Supplied material:
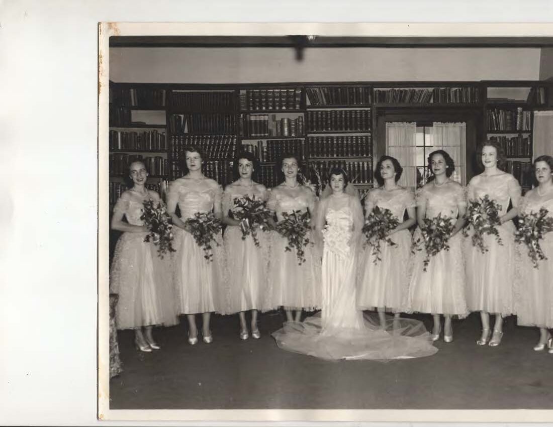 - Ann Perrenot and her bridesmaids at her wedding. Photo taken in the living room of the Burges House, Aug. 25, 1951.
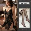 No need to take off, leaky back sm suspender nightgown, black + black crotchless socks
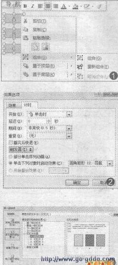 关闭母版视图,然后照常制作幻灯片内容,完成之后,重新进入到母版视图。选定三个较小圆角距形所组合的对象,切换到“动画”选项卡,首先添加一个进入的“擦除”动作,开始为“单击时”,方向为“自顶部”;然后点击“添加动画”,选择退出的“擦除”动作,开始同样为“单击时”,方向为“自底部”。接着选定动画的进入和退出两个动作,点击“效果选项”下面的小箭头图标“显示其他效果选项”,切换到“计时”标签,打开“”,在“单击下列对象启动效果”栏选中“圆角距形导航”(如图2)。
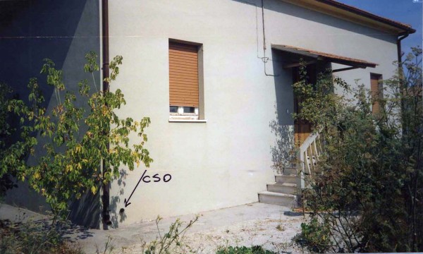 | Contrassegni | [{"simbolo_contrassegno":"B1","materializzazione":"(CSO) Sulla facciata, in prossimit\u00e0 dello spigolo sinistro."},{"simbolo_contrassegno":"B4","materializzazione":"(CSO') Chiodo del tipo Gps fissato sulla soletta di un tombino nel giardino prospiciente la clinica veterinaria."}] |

What is being asked: Retype the listing exactly. Leave out its pictures.

Reply to the task:
 - Ann Perrenot and her bridesmaids at her wedding. Photo taken in the living room of the Burges House, Aug. 25, 1951.
 No need to take off, leaky back sm suspender nightgown, black + black crotchless socks
 关闭母版视图,然后照常制作幻灯片内容,完成之后,重新进入到母版视图。选定三个较小圆角距形所组合的对象,切换到“动画”选项卡,首先添加一个进入的“擦除”动作,开始为“单击时”,方向为“自顶部”;然后点击“添加动画”,选择退出的“擦除”动作,开始同样为“单击时”,方向为“自底部”。接着选定动画的进入和退出两个动作,点击“效果选项”下面的小箭头图标“显示其他效果选项”,切换到“计时”标签,打开“”,在“单击下列对象启动效果”栏选中“圆角距形导航”(如图2)。
 | Contrassegni | [{"simbolo_contrassegno":"B1","materializzazione":"(CSO) Sulla facciata, in prossimit\u00e0 dello spigolo sinistro."},{"simbolo_contrassegno":"B4","materializzazione":"(CSO') Chiodo del tipo Gps fissato sulla soletta di un tombino nel giardino prospiciente la clinica veterinaria."}] |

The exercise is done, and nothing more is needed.